# Single Function Medic Jobs



## olaf1988 (Nov 14, 2015)

I'm currently in medic school and looking to relocate after I'm finished. What are the best services to work for as a single function medic? I'm looking for something that is in a urban or urban adjacent setting (close enough to commute) with decent pay and good protocols. Any input would be appreciated, thanks!


----------



## RocketMedic (Nov 15, 2015)

Depends where you are and what your expectations are.


----------



## olaf1988 (Nov 15, 2015)

RocketMedic said:


> Depends where you are and what your expectations are.




I'm in southern California, looking to go anywhere else.... I was thinking the northwest (Oregon or Washington maybe?), or even east coast. I just don't see the job prospects of working in CA since I am not interested in working for a fire department here. I've looked into Medic One and ATCEMS, and I was wondering if there are any others in that vein that I could consider. The reason I'm looking for something urban is that my fiancee works in the arts and it would be easier for her to find a job in or around a larger city.

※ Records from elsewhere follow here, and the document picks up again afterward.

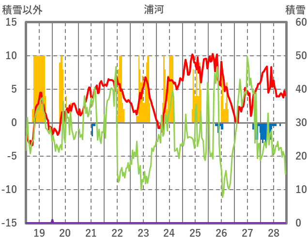 | 日 | 時 | 気温 | 降水 | 風向/風速 | 日照 | 積雪 | 降雪 |
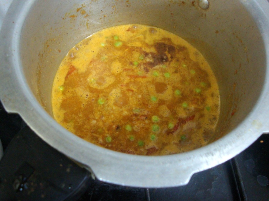 Adjust masala, add water, and cover with lid and pressure cook for 2 whistles.
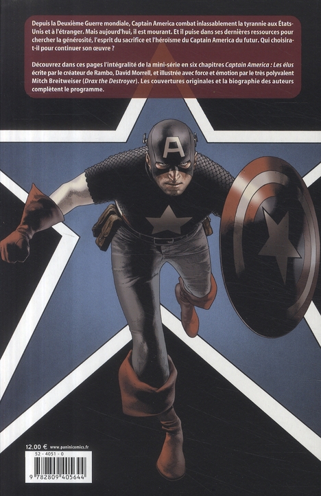 L’élu, la mini-série proposée en intégralité dans cet album, s’inscrit dans la lignée des aventures telles que Punisher - La Fin, qui envisagent les derniers jours d’un héros. Dans le présent ouvrage, les effets du sérum ayant fait de Steve Rogers Captain America, commencent à s’estomper, il doit donc se trouver un successeur. C’est le romancier David Morell, le créateur de Rambo, qui invite le lecteur à s’interroger sur le rôle des personnages symboliques pour une nation. Au dessin, Mitch Breitweiser, un nouveau venu qui a déjà fait parler de lui avec la superbe mini-série Drax

Edit: I'm looking for a service that I can work for as a career. I want to work as a career medic and have a livable wage so I can raise a family comfortably. I'd also like to be able to use the skills I'm learning in medic school. Working in many counties in CA, the protocols are pretty restricted.


----------



## RocketMedic (Nov 15, 2015)

ATCEMS and M1 are probably some of the most limited systems you could find, and in all honesty, Austin is a very challenging place for living and employment, particularly in the arts. ATC also had the disadvantage of having to be an EMT for a long time before you can be a medic. 

My advice would be to find either a decently-busy SSM system like Hall, EMSA-Oklahoma, MedStar, Medic West /AMR Vegas, etc -or- a city or county-based operation. Also check into Houston's fire and county EMS systems


----------



## TransportJockey (Nov 15, 2015)

Harris County Emergency Corps (ESD1) or Montgomery County Hospital District EMS would be good. Galveston County EMS might be good. There's also places like Denver Health and AMR El Paso County (Colorado Springs) that are good places.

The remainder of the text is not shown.